Tinamous of the Rainforest in Ecuador

Tinamous of the Rainforest in Ecuador

Learn to Recognize the Whistles of the Tinamous of the Rainforest in Ecuador.

Get familiar with Tinamou Songs and learn about the Diversity of Birds living in the Rainforest in Ecuador.

Tinamous are common terrestrial but shy and secretive birds. The word “tinamou” comes from the Galibi Pople. Traditionally regarded as the sister group of the flightless ratites (emus, ostriches, kiwis, and rheas). Tinamous roost in trees at night.

They are opportunistic and omnivorous feeders, consuming a wide variety of plant and animal food. They walk and run but will fly when they must.

Tinamous practice a complex breeding strategy. This entails the males practicing simultaneous polygyny and the females practicing successive polyandry.

Tinamous of the Rainforest in Ecuador first appear in the fossil record in the Miocene epoch at the same epoch apes also appeared.

In the Amazon Lowlands of Ecuador, during Our Birding Trips in the Rainforest, we have the chance to listen to most the following species of tinamous.

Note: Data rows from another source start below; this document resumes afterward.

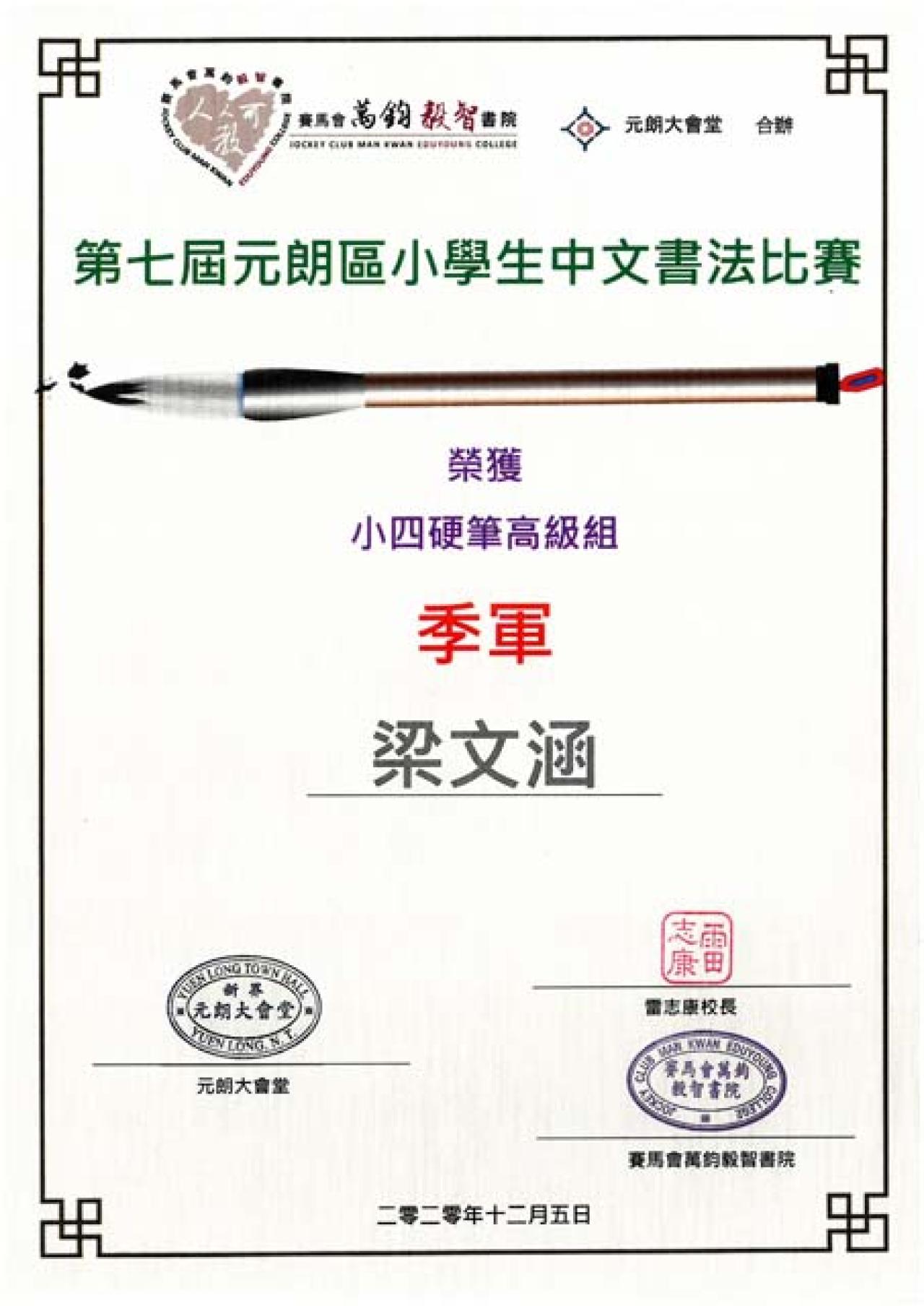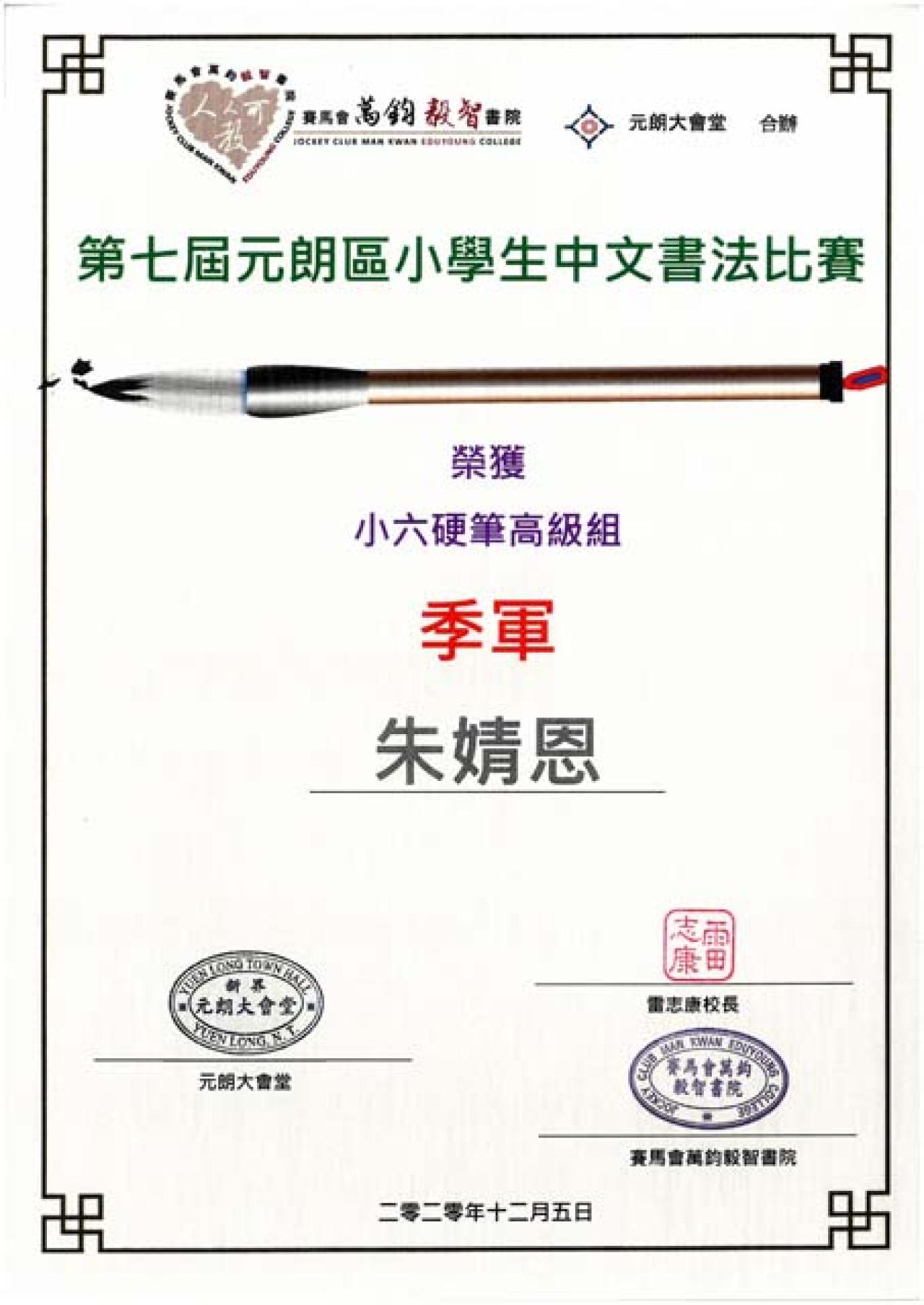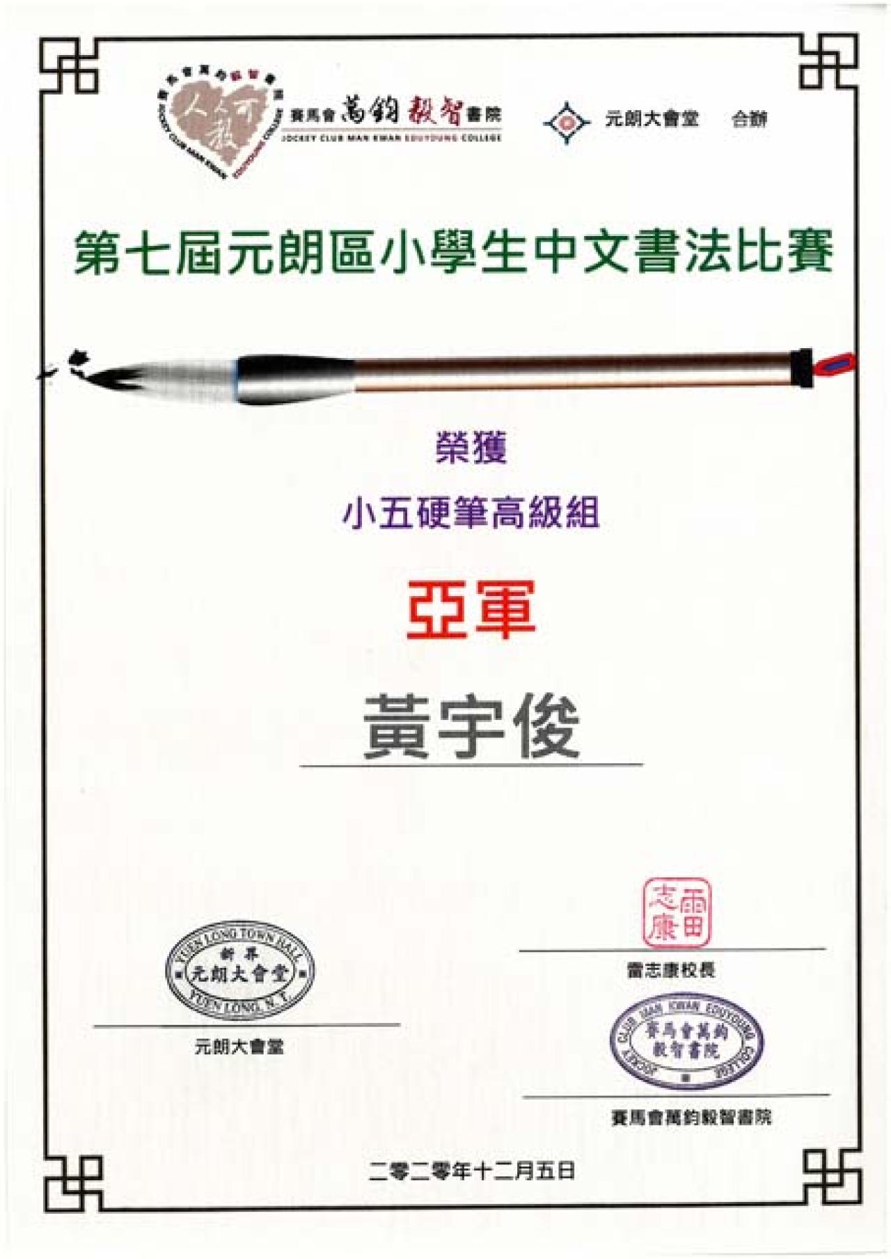 第七屆元朗區小學生中文書法比賽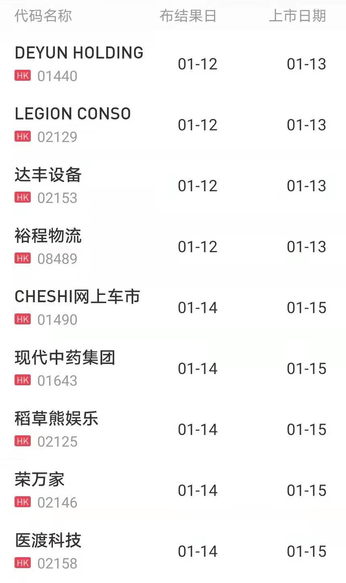 上周结束认购的8只新股,下周将陆续挂牌,包括DEYUN HOLDING,LEGION CONSO,达丰设备,裕程物流,网上车市,现代中药集团,稻草熊娱乐,荣玩家,医渡科技,中签公布时间及上市时间如下: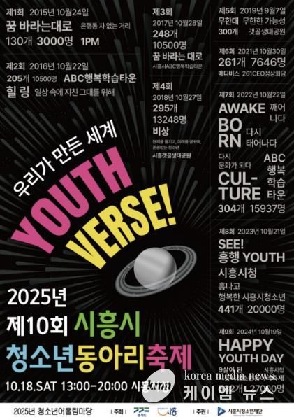(케이엠뉴스) 10주년을 맞은 시흥시청소년동아리축제가 오는 10월 18일 시흥시청에서 개최된다. ‘우리가 만든 세계: YOUTHVERSE’를 주제로 열리는 이번 축제는 지난 10년간의 활동을 돌아보는 동시에 앞으로 축제가 나아가야 할 길을 내다보는 전환점이 될 것으로 보인다.

Tinamous of the Amazon Rainforest in Ecuador

Tinamous live in of the different forest formation of the Amazon Rainforest in Ecuador. Special Thanks to Tremarctos

Listen to Seven Species of Tinamous living in the Rainforest in Ecuador

They have clear, distinct, and sharp songs, designed to penetrate the many layers of the habitat that they frequent, serving a different purpose, linked to pairing, contact call, or territorial defense.

Some can be heard from several kilometers through the thick vegetation of the rain forest.

1.- Great Tinamou (Tinamus major)

Lives in the dense rainforest of both “terra firme” (non-flooded) and “várzea” (seasonally-flooded) types, up to 1,500 m. It has also been recorded in secondary forests.
It feeds on the forest floor, predominantly on berries, fruits and seeds, but will also take nuts and small animals such as insects, small mollusks and annelids.

2.- White-throated Tinamou (Tinamus guttatus)

Have chestnut-brown upperparts with blackish streaking on the lower back and small yellowish-white spots. It has paler underparts with wider, dark barring on flanks. With gray head and neck, with a white throat, brown eye, and brown bill. Body length 32 and 36 cm (13 and 14 in).

It eats fruit off the ground or low-lying bushes, as well as invertebrates, flower buds, tender leaves, seeds, and roots. The male incubates the eggs which may come from as many as four different females and then will raise them until they are ready to be on their own, usually two to three weeks.

3.- Cinereous Tinamou (Crypturellus cinereus)

Live in the várzea, their preferred habitat is thick, dark, and dense. They are abundant, within the upper Amazon.

They have a distinctive light-colored eye ring, with a bill has a dark upper mandible and a yellow lower mandible. lays two eggs, whose color varies from salmon to dark chocolate; the nest is merely a scrape in the ground, and nests can be found almost year-round across its range.

4.- Little Tinamou (Crypturellus soui)

Furtive, an almost tailless small bird, Favoring forest edge and dense secondary growth rather than forest interior. When disturbed runs rather than flies. Sometimes crosses quiet roads or trails, but tremulous whistles are often heard, especially early and late in the day. The plumage is dark brownish overall with grayer head and a whitish throat

5.- Undulated Tinamou (Crypturellus undulatus)

Is a ubiquitous species of river forest and second growth in the Amazon basin. feeds on small fruits, seeds, and insects and is considered fairly common throughout its range. Its distinctive three-note song often is among the first bird sounds one learns in Amazonia.

6.- Variegated Tinamou (Crypturellus variegatus)

The breeding behavior has been comparatively well studied. Males apparently outnumber females considerably, and as a result, the female is serially polyandrous, mating with up to four males, laying one egg per partner, which is then incubated by the male alone. As is typical of tinamous, the nest is a shallow, unlined depression on the ground. The single young leaves the nest on hatching and is tended by the male throughout.

7.- Bartlett’s Tinamou (Crypturellus bartletti)

It inhabits principally seasonally flooded areas and shrubby thickets. A poorly known Tinamou considered rare to uncommon over most of its distributional range. Virtually nothing has been published concerning its life history.